The host accesses the physical memory (SSD) by logically accessing the logical unit using the logical address. To make it possible for the host to access, for example, a controller incorporated in the SSD manages a corresponding relation between the logical address and the physical address.
It is assumed that the storage device is in its initial state where the logical address and the physical address are equal to each other. It is assumed that in this state, data having a size smaller than a block size is written to the logical unit. In this case, the SSD does not write data to the physical block that is allocated to the logical address where the writing is executed, and does not update the data. Instead of updating the data, old data before it is updated is managed as invalid. On the other hand, the SSD newly allocates an unused physical block to the logical address, and data is written to this newly allocated physical block.
Generation of an area of invalidated data in the SSD is called fragmentation of a memory area (more specifically, effective memory area). It is assumed that fragmentation of the memory area proceeds, and the blocks (more specifically, blocks in use) including the invalidated data areas increase. In this case, since free blocks (unused physical blocks) that can be used in the SSD (physical memory) are reduced, it becomes impossible to write new data. Hence, the SSD autonomously lumps together and rewrites effective data recorded in a plurality of physical blocks including the invalidated data to an unused physical block.
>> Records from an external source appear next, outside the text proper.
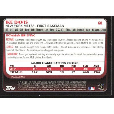 This is a 2011 Bowman Chrome Ike Davis baseball card. The card is #60 and pictures show condition.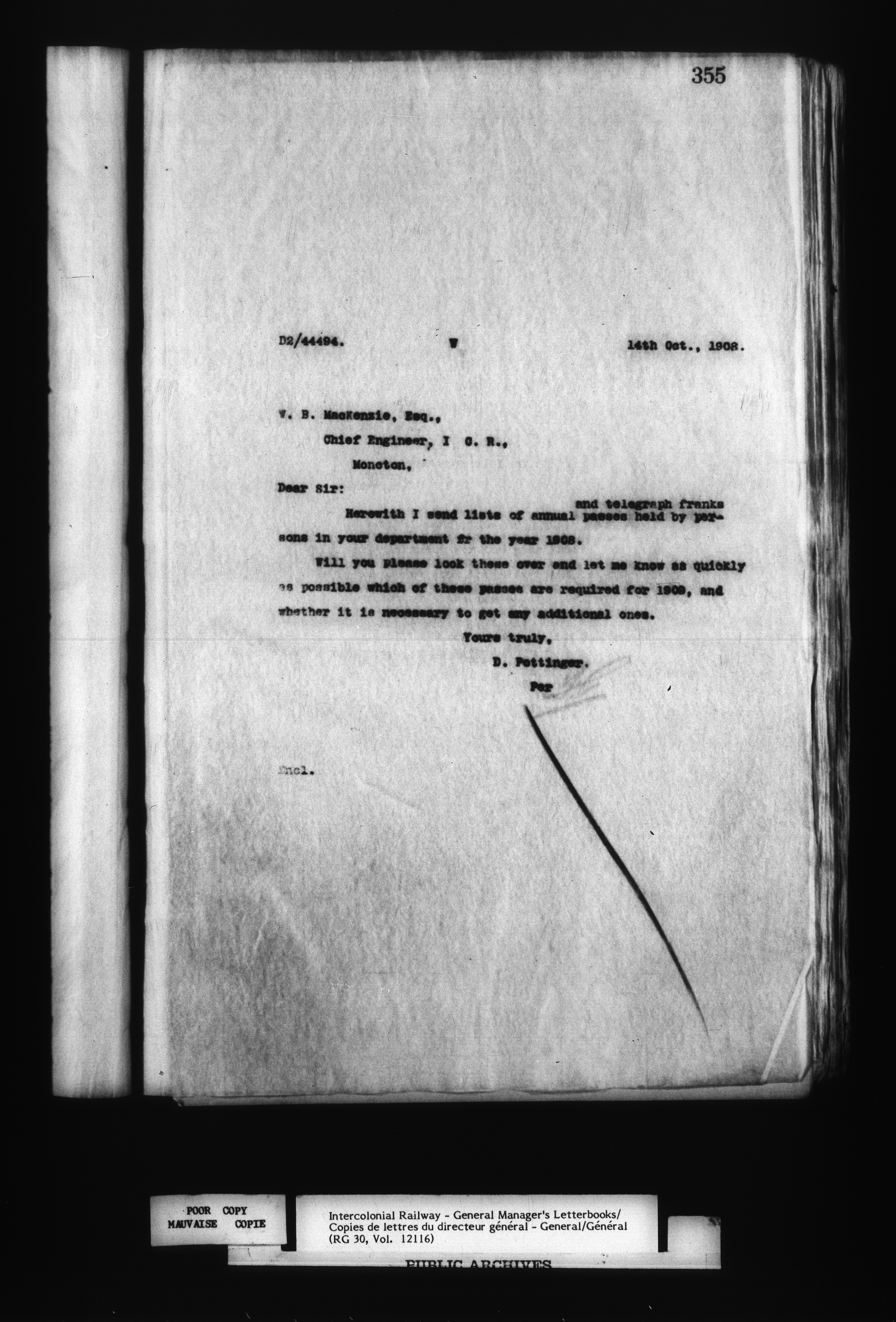 Canadian Government Railways : Office of the General Manager, Outward correspondence - 12452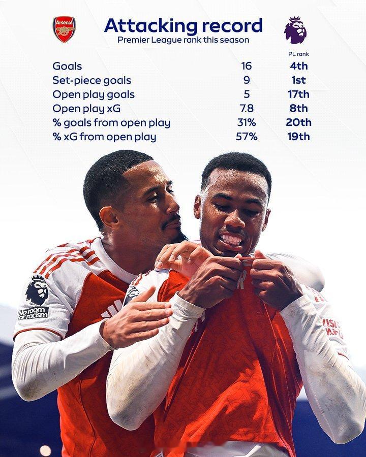 理查兹表示:人们称阿森纳为“定位球FC”,但这没关系,无论你需要用什么方式赢得比赛,赢球才是最重要的(阿森纳本赛季进球方式分布) 金秋观赛季 阿森纳著名教授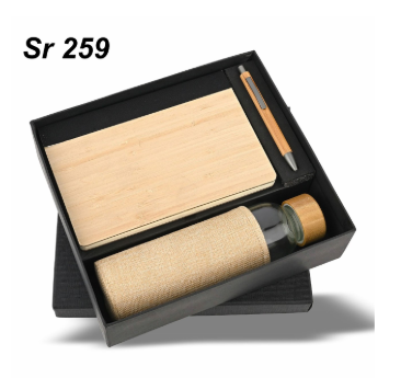 3 in 1 Lightwood (Wooden Diary, Pen & Glass Bottle with Jute Cover)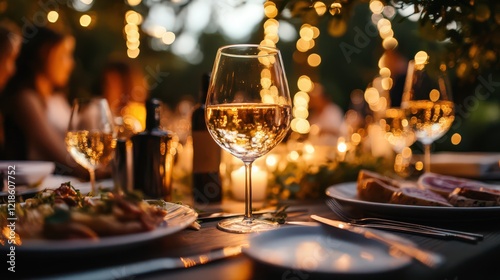 An elegant dining event with guests seated outdoors under fairy lights, sharing gourmet dishes and premium wine.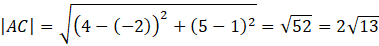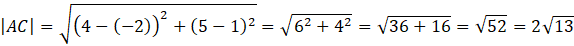 Oblicz długość przekątnej kwadratu ABCD, w którym 𝐴=(−2, 1), 𝐶=(4, 5).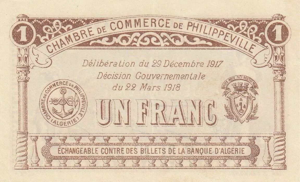 Billet Algérie 1 Franc - Chambre de commerce de Philippeville - 29-12-1917 - Série B.31

Then, the SSD erases data in the plurality of physical blocks that become unnecessary by the rewriting. Such a process is called a defragmentation process. By the defragmentation process, the plurality of the physical blocks can be re-used as unused blocks (free blocks).
However, a frequency of execution of the defragmentation process becomes high in the SSD, and an access speed of the SSD lowers.
Hence, it is required to reduce the frequency of the execution of the defragmentation process in the SSD.